**EXERCISE:**
Which lines below fall between the one containing "花材:ミモザ、ユーカリ(2種" and the one containing "Nouveau design de"? Repeat them exactly, counting both of those lines, and add nothing else.

──────── MATERIAL FOR THIS EXERCISE

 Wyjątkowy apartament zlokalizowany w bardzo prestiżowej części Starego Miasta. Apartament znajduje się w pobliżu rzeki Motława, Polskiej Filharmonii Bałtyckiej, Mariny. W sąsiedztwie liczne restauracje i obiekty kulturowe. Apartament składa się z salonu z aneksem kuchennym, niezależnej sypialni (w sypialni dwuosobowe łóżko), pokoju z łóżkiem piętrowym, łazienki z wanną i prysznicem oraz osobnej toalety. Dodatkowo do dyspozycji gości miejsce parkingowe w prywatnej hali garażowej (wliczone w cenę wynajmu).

────────────────
──────── MATERIAL FOR THIS EXERCISE

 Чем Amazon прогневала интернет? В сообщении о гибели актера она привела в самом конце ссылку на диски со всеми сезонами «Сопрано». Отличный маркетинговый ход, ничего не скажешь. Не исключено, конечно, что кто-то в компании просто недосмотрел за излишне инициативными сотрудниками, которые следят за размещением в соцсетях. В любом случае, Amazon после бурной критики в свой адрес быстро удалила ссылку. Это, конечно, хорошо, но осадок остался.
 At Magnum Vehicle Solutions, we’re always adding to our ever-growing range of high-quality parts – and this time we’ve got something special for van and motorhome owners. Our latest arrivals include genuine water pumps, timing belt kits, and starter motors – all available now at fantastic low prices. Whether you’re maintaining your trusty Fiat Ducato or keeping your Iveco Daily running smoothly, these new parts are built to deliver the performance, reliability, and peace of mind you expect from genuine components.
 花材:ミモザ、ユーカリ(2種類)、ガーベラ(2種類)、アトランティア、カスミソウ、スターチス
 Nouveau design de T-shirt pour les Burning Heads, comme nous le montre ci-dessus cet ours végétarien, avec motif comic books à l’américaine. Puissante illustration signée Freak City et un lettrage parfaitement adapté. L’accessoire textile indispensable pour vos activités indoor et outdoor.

────────────────
──────── MATERIAL FOR THIS EXERCISE

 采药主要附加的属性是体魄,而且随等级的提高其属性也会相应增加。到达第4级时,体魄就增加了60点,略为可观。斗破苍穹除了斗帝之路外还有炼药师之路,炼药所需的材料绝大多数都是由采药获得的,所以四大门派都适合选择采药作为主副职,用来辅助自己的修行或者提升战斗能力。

────────────────

**SOLUTION FOR THIS PROBLEM:**
 花材:ミモザ、ユーカリ(2種類)、ガーベラ(2種類)、アトランティア、カスミソウ、スターチス
 Nouveau design de T-shirt pour les Burning Heads, comme nous le montre ci-dessus cet ours végétarien, avec motif comic books à l’américaine. Puissante illustration signée Freak City et un lettrage parfaitement adapté. L’accessoire textile indispensable pour vos activités indoor et outdoor.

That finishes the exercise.